From MVC to Microservices: Lessons from Evolving a Python SaaS Backend
The author recounts a four‑stage evolution of a Python‑based SaaS backend—from a simple Django MVC prototype through service splitting, microservice adoption with Kong and custom RPC, to an exploratory domain‑driven design—highlighting practical problems, optimizations, and architectural trade‑offs.
1. MVC
In the early stage the team (max 5 developers) built a prototype quickly with Django, focusing on code conventions and view abstraction while leaving room for product changes. The architecture was simple: Nginx for load balancing, multiple Django instances, Celery for async tasks, Redis for caching, and Nginx Push Module for real‑time notifications.
Problems and optimizations:
Django’s concurrency limits were addressed by deploying uWSGI Master+Worker together with gevent for coroutine‑based high concurrency.
Excessive Redis connections were mitigated by using redis‑py’s built‑in connection pool for reuse.
MySQL connection overload was solved with the djorm‑ext‑pool connection‑pooling extension.
Celery was configured to use gevent, enabling concurrent task execution.
2. Service Splitting
As the backend team grew, responsibilities were divided into finer‑grained services. The existing Django project already organized code into high‑cohesion, low‑coupling apps, which eased the split. Initial separation involved extracting shared code into a common Python library while keeping the same database and Redis instances; later, multiple database instances were added to handle load.
Inter‑service communication was kept to a minimum; when needed, services called each other via HTTP, using internal host entries for address resolution.
Problems and optimizations:
The long‑unmaintained Nginx Push Module could not handle enough persistent connections, so a Tornado + ZeroMQ based service (tormq) was built to provide reliable notifications.
Additional pain points included manual host‑file management for service endpoints, lack of retry/error handling/traffic‑shaping in the call chain, and cumbersome Nginx configuration changes that often broke calls. Authentication relied on a central user‑center database, requiring coordinated redeployments when changed.
3. Microservice Architecture
The ingress layer adopted an OpenResty‑based Kong API Gateway, with custom plugins for authentication and rate limiting. Deployment scripts invoke Kong’s admin API to register new services and attach the required plugins.
To replace direct service‑to‑service calls, a gevent + msgpack RPC framework named doge was built, using etcd for service discovery and providing client‑side rate limiting, high availability, and load balancing.
Choosing an API gateway involved evaluating Golang and OpenResty implementations; Kong was selected for its Lua‑based plugin model, ease of customization, and out‑of‑the‑box features. Two Kong instances were run behind a cloud load balancer, forming a synchronized cluster.
Although the team considered a pure Python Thrift implementation (thriftpy) and the Motan framework from Weibo, limited manpower and varying skill levels led to the decision to develop the lightweight doge RPC solution instead.
4. Domain‑Driven Design
The next architectural step aimed to extract a dedicated data‑service layer. Each data service would host one or more bounded contexts, exposing a single aggregate root via RPC. Application services would depend on these data services but not vice‑versa, reducing coupling and allowing higher‑level services to remain independent of lower‑level implementations.

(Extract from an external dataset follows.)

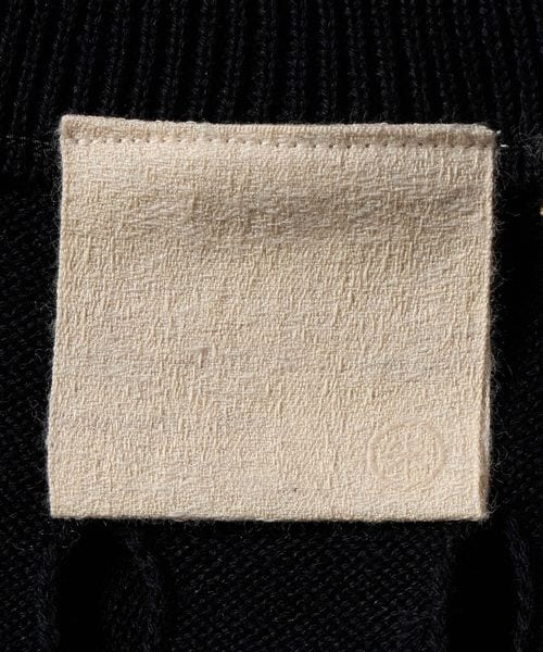 肩幅、アームにゆとりを持ちつつも身幅を細くとったミニマルなシルエットで、肩には別生地のパッチを配置したミリタリーニットを彷彿とさせるデザインです。

At the time of the author’s departure, DDD was still in the learning phase and had not been fully implemented, but the intention was to continue moving the backend toward this design.
Conclusion
Technology choices should serve product and customer needs rather than follow trends blindly; team composition and skill gaps inevitably force compromises, and the real challenge is finding optimal solutions within those constraints.
Emerging patterns such as Service Mesh are becoming mainstream, and the author plans to keep exploring them.